> _AVAILABLE RECORDS_
········

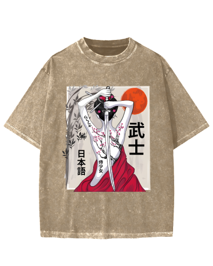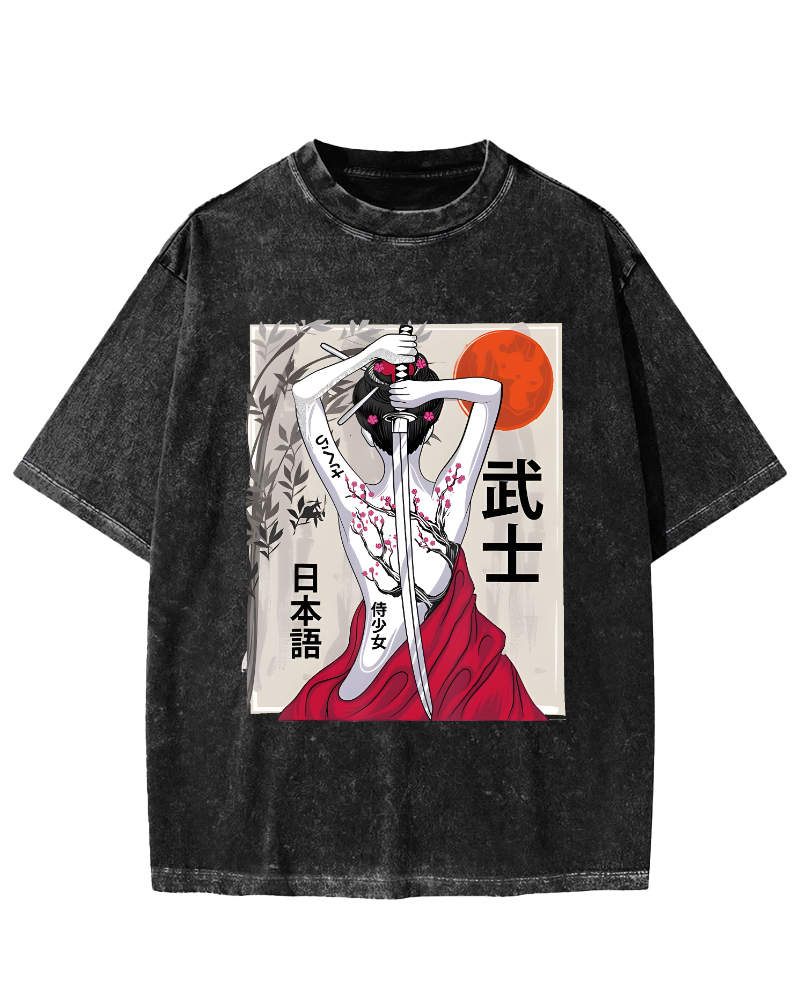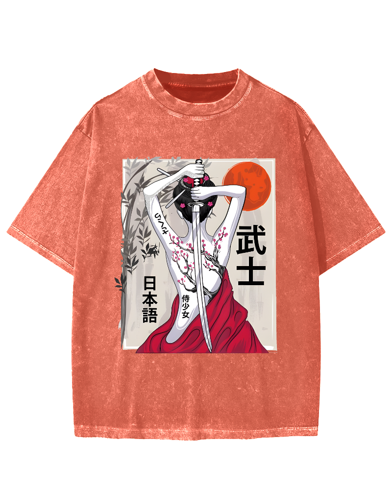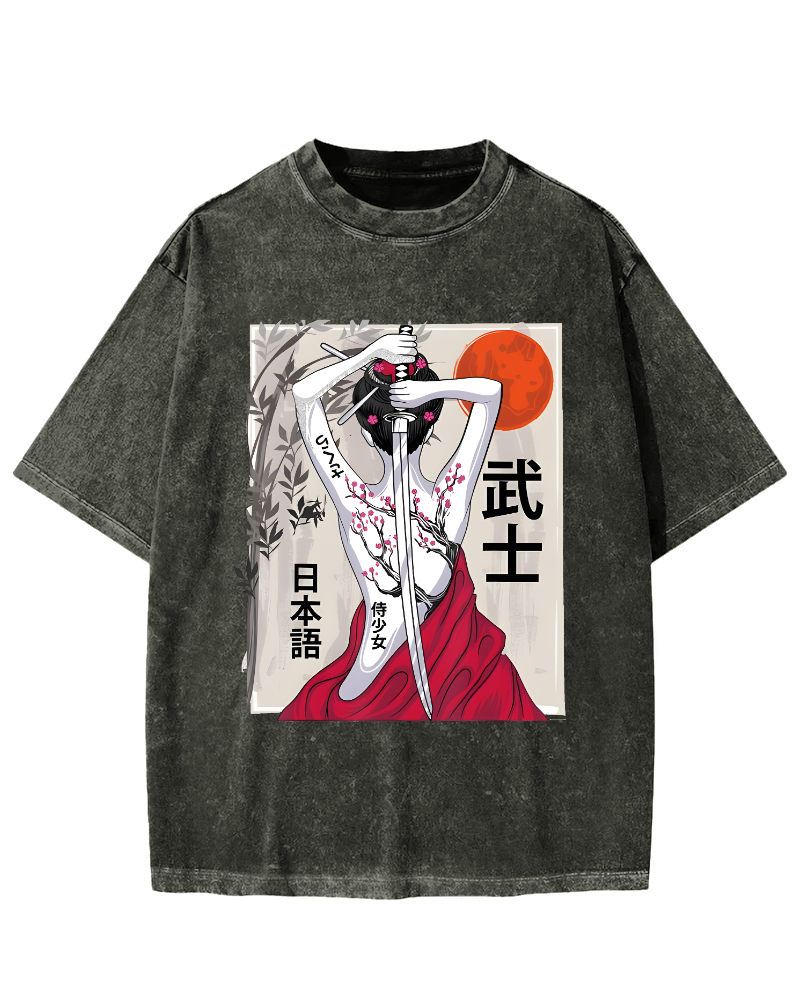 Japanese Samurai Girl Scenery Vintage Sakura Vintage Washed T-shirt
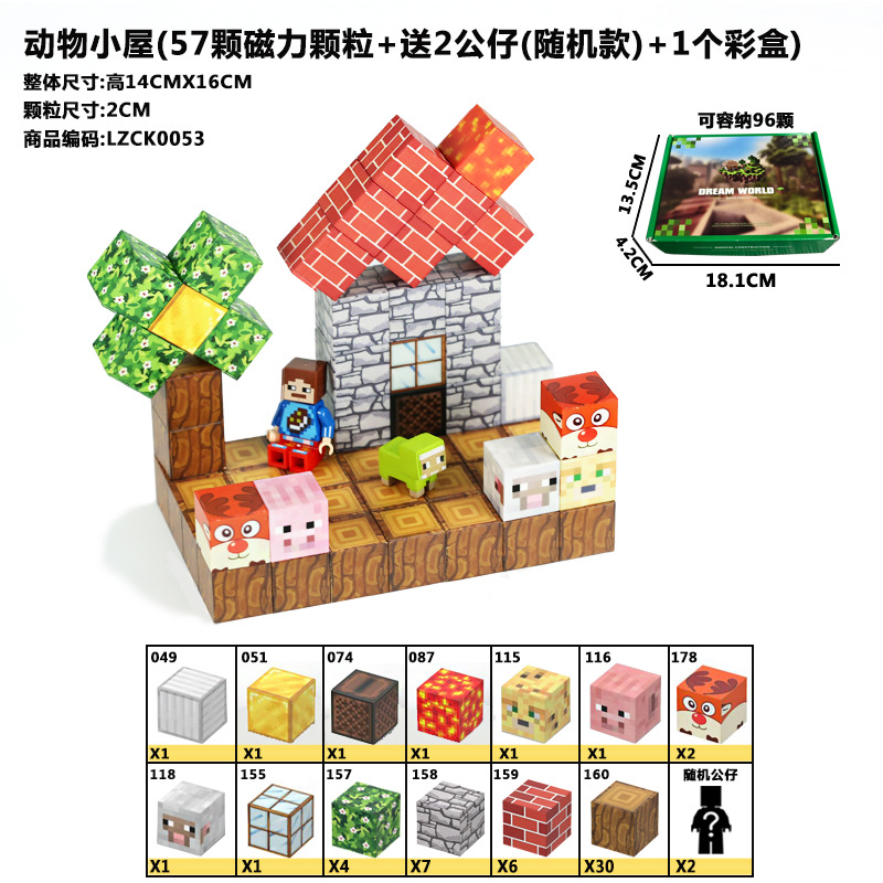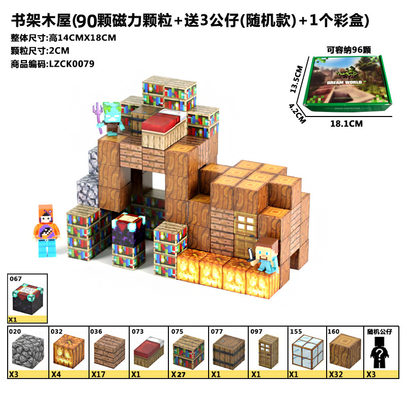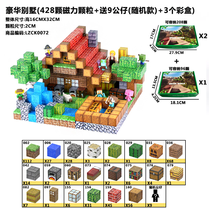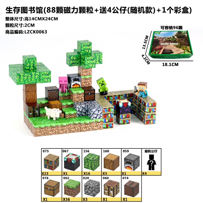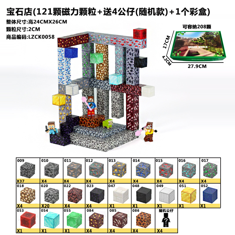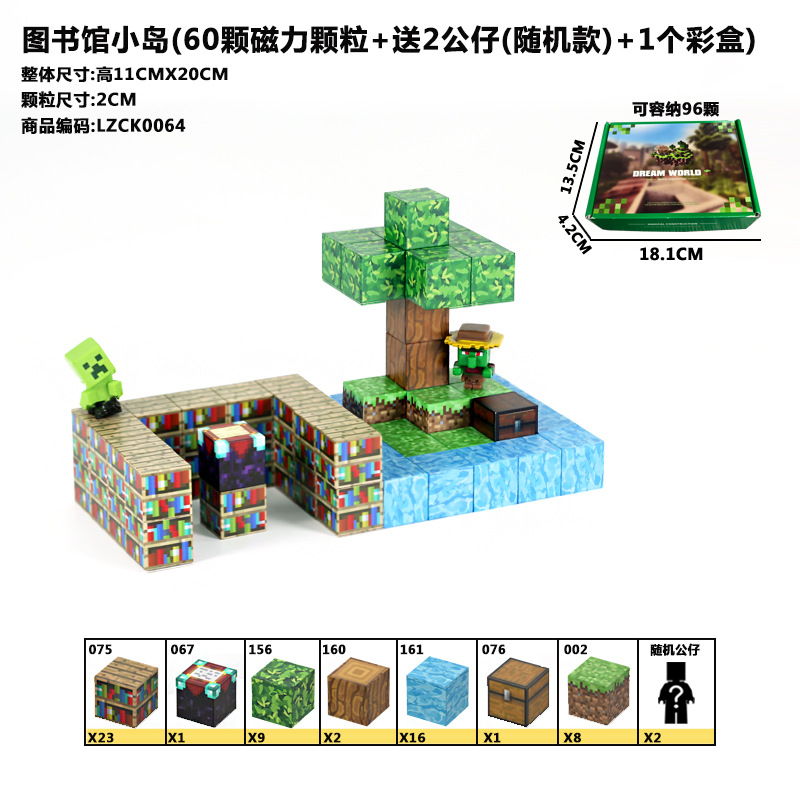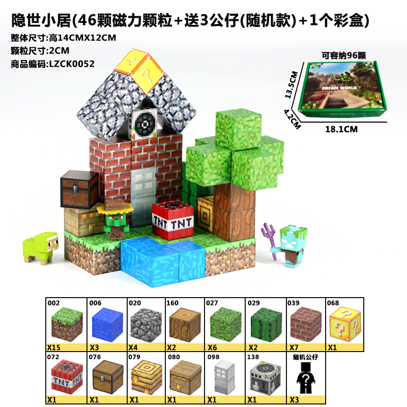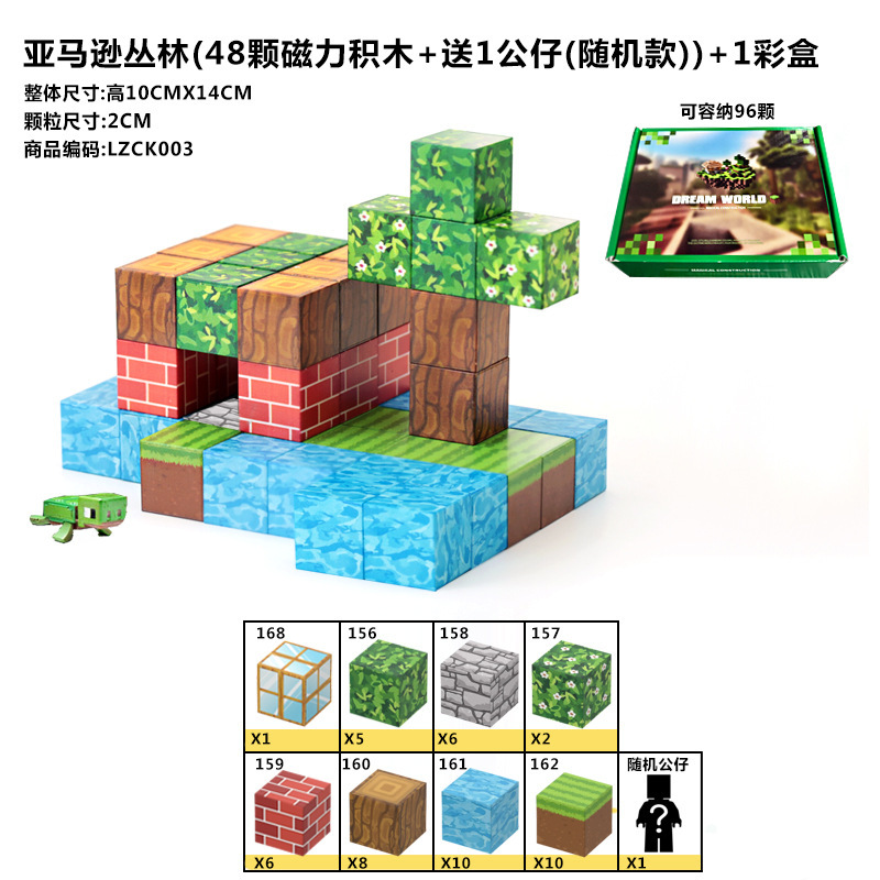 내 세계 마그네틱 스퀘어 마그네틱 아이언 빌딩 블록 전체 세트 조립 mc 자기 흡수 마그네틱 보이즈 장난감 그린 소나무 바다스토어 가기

········

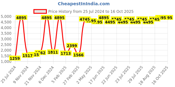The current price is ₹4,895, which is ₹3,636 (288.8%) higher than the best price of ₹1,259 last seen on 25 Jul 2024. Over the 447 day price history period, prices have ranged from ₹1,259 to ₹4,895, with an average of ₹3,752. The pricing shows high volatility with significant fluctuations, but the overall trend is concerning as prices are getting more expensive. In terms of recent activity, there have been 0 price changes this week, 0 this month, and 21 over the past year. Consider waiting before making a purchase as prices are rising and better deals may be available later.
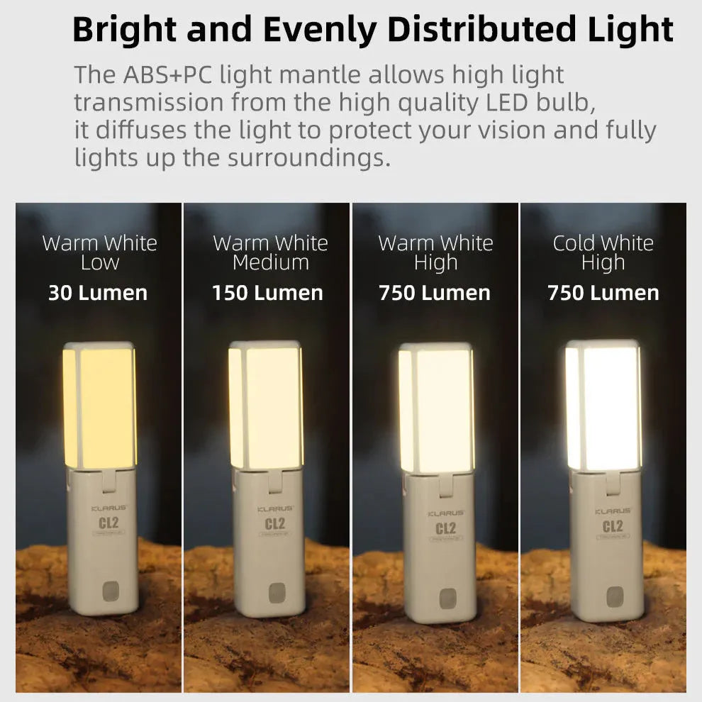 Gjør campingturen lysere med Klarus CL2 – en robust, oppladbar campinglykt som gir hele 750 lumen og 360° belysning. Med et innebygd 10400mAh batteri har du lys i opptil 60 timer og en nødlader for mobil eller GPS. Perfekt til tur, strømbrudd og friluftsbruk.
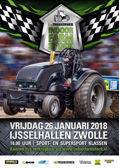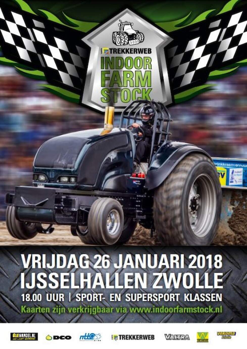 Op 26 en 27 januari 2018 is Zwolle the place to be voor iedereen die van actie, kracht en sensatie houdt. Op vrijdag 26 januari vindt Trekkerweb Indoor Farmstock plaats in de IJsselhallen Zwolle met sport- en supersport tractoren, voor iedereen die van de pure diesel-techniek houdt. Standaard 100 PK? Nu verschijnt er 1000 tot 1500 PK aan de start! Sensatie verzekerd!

········

> _WHAT YOU ARE ASKED TO DO_
Beginning at the line that has "The current price" and ending at the line that has "Op 26 en 27", restate the listing above word for word, pictures left out.

> _RESPONSE BOX_
The current price is ₹4,895, which is ₹3,636 (288.8%) higher than the best price of ₹1,259 last seen on 25 Jul 2024. Over the 447 day price history period, prices have ranged from ₹1,259 to ₹4,895, with an average of ₹3,752. The pricing shows high volatility with significant fluctuations, but the overall trend is concerning as prices are getting more expensive. In terms of recent activity, there have been 0 price changes this week, 0 this month, and 21 over the past year. Consider waiting before making a purchase as prices are rising and better deals may be available later.
 Gjør campingturen lysere med Klarus CL2 – en robust, oppladbar campinglykt som gir hele 750 lumen og 360° belysning. Med et innebygd 10400mAh batteri har du lys i opptil 60 timer og en nødlader for mobil eller GPS. Perfekt til tur, strømbrudd og friluftsbruk.
 Op 26 en 27 januari 2018 is Zwolle the place to be voor iedereen die van actie, kracht en sensatie houdt. Op vrijdag 26 januari vindt Trekkerweb Indoor Farmstock plaats in de IJsselhallen Zwolle met sport- en supersport tractoren, voor iedereen die van de pure diesel-techniek houdt. Standaard 100 PK? Nu verschijnt er 1000 tot 1500 PK aan de start! Sensatie verzekerd!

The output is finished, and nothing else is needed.